The UK periodically goes through a Research Excellence Framework (Ref) exercise, assessing research over a five-year period, currently 2008-2013. Every submission from across the country is assessed on its quality, with an important criterion being the prestige of the journal and the rigour of its peer-review process. Peer reviewers are researchers with established reputations. But while these peers can provide careful and reasoned evaluations of work, a common complaint is that these same peers are biased toward accepting work that reinforces their own ideas, thus stifling innovative thinking.
This argument ignores the fact that the vast majority of published work is in any case not particularly innovative. The papers are well done, but form small extensions of existing ideas and in most cases are hardly cited at all. A small set of papers account for the overwhelming majority of citations. Given the sheer number of submissions and publications, the peer review process (which usually consists of anonymous unpaid academics reviewing papers on their own time as a service to the journal) does not always recognise these papers ex ante. The task of finding an innovative paper is akin to finding a rough diamond in a sea of pebbles. The anonymity of the peer review process works against incentives to publish new and innovative research.
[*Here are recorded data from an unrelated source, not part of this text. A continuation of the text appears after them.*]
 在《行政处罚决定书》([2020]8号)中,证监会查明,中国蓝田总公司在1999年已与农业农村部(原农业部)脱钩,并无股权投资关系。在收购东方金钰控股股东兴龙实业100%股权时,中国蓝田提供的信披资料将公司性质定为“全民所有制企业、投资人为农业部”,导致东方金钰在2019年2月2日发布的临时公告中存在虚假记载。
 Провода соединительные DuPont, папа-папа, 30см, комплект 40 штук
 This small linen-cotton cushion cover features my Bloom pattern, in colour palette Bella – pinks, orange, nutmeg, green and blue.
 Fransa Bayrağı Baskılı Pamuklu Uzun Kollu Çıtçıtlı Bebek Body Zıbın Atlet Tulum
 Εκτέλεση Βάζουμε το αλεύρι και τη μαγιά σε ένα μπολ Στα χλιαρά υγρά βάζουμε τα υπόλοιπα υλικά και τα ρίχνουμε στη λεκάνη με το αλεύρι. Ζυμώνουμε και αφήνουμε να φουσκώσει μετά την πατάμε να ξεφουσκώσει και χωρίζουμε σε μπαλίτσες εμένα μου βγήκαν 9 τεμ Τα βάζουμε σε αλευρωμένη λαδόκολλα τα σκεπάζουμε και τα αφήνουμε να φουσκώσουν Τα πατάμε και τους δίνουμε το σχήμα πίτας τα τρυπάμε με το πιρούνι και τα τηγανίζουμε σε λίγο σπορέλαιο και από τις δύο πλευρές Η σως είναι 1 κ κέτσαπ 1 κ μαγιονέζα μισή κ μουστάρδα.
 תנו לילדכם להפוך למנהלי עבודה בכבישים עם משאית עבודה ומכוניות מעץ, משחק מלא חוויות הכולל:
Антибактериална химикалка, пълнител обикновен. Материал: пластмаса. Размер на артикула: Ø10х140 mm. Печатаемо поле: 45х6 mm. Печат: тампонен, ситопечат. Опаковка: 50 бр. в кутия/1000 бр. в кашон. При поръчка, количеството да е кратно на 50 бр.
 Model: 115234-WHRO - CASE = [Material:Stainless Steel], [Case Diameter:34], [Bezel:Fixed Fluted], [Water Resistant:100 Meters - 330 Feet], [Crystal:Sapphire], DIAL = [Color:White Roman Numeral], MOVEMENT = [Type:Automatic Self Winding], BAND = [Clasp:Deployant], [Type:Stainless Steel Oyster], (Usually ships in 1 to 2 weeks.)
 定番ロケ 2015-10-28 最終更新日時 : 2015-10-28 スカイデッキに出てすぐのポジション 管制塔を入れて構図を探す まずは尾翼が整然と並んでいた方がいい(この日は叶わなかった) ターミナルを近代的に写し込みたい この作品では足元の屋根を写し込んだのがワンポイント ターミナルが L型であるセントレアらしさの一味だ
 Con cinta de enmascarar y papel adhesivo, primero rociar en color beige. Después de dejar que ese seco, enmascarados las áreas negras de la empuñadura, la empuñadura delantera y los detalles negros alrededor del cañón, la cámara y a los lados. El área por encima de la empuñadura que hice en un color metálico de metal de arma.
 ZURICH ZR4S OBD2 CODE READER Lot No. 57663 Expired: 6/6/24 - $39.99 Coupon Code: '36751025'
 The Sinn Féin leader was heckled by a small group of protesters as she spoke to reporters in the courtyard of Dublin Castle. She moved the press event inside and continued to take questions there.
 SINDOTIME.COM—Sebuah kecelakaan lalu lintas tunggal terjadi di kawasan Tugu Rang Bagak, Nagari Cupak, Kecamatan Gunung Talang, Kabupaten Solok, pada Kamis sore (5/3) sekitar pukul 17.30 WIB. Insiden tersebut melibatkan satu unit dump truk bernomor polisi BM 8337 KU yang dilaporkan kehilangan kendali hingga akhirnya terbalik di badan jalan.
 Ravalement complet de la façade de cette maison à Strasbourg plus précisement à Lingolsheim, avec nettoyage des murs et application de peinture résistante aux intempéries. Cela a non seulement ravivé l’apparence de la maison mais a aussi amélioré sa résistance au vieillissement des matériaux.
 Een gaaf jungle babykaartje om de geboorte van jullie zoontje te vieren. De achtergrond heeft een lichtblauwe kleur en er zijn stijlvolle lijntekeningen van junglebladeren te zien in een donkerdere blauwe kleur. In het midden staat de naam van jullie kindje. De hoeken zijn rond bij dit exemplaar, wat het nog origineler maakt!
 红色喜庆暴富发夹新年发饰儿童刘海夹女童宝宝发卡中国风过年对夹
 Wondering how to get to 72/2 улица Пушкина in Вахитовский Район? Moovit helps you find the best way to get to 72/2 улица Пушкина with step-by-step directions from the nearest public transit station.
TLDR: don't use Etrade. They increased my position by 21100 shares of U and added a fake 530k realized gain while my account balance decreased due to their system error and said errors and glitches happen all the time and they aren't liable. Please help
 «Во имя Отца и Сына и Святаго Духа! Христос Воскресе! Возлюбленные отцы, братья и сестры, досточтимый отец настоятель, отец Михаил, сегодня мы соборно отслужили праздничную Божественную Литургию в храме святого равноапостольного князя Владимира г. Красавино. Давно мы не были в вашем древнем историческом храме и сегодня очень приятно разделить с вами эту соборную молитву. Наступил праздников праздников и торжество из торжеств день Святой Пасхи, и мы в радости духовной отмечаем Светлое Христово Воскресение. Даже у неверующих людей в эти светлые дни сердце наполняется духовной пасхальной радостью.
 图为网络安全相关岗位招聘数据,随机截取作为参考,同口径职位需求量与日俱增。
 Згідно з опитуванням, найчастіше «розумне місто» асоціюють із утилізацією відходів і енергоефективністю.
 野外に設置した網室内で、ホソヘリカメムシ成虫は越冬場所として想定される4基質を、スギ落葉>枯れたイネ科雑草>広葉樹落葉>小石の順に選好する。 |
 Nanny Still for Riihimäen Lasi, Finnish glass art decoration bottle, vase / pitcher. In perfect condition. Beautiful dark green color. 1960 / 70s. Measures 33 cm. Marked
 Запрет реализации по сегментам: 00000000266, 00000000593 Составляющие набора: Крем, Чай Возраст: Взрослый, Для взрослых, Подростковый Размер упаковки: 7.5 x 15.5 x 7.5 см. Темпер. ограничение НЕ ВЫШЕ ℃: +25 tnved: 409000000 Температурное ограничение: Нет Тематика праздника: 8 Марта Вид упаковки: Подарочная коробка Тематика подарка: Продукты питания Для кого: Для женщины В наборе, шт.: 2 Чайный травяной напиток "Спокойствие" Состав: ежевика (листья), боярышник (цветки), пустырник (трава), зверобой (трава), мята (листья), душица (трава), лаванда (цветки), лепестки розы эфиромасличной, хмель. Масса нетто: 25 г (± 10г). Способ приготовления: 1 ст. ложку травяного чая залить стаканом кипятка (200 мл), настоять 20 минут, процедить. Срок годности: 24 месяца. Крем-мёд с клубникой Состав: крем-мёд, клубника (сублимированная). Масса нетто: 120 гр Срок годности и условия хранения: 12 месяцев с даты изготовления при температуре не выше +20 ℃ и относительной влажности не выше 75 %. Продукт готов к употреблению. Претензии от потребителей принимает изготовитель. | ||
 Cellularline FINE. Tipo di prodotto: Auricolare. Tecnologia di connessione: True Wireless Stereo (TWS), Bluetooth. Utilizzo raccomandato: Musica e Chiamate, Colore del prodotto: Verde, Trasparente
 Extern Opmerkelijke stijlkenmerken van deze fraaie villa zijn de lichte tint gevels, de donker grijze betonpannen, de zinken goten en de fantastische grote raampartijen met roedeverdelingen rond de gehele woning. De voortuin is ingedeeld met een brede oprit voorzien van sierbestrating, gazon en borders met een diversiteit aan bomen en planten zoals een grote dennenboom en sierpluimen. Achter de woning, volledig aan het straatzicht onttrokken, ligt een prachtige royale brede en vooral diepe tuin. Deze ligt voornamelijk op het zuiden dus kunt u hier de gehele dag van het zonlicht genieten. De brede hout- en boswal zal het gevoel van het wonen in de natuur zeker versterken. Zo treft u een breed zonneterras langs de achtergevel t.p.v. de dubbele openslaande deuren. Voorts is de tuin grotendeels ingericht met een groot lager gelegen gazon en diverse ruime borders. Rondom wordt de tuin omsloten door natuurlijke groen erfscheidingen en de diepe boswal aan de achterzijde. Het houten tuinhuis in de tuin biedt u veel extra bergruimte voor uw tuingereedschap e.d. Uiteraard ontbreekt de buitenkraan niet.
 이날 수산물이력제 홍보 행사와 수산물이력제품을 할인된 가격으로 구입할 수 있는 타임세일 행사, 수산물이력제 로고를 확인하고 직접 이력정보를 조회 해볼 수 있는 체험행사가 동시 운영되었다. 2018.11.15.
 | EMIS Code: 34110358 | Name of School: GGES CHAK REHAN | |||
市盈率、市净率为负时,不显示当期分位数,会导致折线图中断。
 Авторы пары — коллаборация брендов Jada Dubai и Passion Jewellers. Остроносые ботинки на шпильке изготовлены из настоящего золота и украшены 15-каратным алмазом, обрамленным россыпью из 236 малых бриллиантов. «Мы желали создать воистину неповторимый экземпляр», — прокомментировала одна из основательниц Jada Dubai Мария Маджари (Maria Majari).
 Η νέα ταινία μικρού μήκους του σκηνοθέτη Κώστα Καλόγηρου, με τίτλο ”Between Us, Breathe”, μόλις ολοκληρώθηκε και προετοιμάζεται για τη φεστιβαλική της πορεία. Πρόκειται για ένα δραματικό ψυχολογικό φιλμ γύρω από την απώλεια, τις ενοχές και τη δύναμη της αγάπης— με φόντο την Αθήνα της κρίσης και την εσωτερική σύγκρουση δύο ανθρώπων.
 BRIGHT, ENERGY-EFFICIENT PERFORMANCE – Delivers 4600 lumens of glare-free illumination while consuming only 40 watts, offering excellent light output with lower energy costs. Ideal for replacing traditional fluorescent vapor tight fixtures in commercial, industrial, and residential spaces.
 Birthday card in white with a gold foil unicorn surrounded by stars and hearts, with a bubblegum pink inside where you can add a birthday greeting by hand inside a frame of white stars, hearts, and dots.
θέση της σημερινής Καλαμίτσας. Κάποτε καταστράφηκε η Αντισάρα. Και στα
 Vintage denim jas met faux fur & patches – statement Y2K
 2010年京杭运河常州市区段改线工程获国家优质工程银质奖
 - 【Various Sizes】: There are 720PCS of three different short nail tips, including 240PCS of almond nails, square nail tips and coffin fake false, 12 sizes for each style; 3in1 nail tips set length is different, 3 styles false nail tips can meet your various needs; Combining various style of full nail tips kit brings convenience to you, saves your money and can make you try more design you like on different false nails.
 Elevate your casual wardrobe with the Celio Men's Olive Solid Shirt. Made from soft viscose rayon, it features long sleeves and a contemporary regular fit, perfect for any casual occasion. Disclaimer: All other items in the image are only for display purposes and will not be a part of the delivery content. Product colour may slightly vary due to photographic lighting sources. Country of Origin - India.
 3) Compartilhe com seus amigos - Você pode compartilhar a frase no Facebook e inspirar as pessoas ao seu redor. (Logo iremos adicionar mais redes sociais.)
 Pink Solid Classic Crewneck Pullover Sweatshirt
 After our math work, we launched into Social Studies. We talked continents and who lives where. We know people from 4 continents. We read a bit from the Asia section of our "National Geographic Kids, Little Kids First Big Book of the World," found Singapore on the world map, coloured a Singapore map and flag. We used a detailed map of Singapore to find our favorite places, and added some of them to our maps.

Since the referee will not get credit for championing a new idea, there is little incentive to stick his/her neck out and pass a paper that might contain an error.
In most cases, recognising innovation is a job for the gatekeepers to the peer review process – editors of journals – who are not anonymous and whose journals’ reputations essentially rise and fall along with their citation counts. Editors (whose reputations in turn are influenced by the reputations of their journals) are strongly motivated to seek out work that steps away from where research is currently being conducted. No journal wants to reject the next Black-Scholes paper or the Akerlof Lemons paper, both of which were rejected on their first submissions. However, no journal wants to publish the next cold fusion paper either; a paper that claimed to have observed nuclear fusion processes at room temperature, which generated great excitement when first published, but whose results were never replicated and ultimately dismissed.
The peer review process still remains a necessary one. There is a surprisingly good chance that research results that push boundaries will not stand scrutiny due to what is termed collective unintentional data mining. A scholar can approach a data set or experiment in a multitude of ways. That is not, in itself, a problem since there is no single obvious path or method appropriate for every situation. However an unethical scholar can build a paper on the one approach that happened to generate a positive (publishable) result. In the entirely ethical version, every scholar acts correctly and takes only one shot at the data. However, negative results are much more difficult to publish than positive ones since the peer reviewer is easily likely to dismiss the paper on the grounds that the authors just did not look hard enough for positive results. Hence, an author with a negative result is likely to abandon the paper, rather than submit it to a journal. Thus with a multitude of scholars, each choosing a slightly different approach and each opting to submit only positive results, the end result of the process is the same – an artefact of the choices rather than a profound truth.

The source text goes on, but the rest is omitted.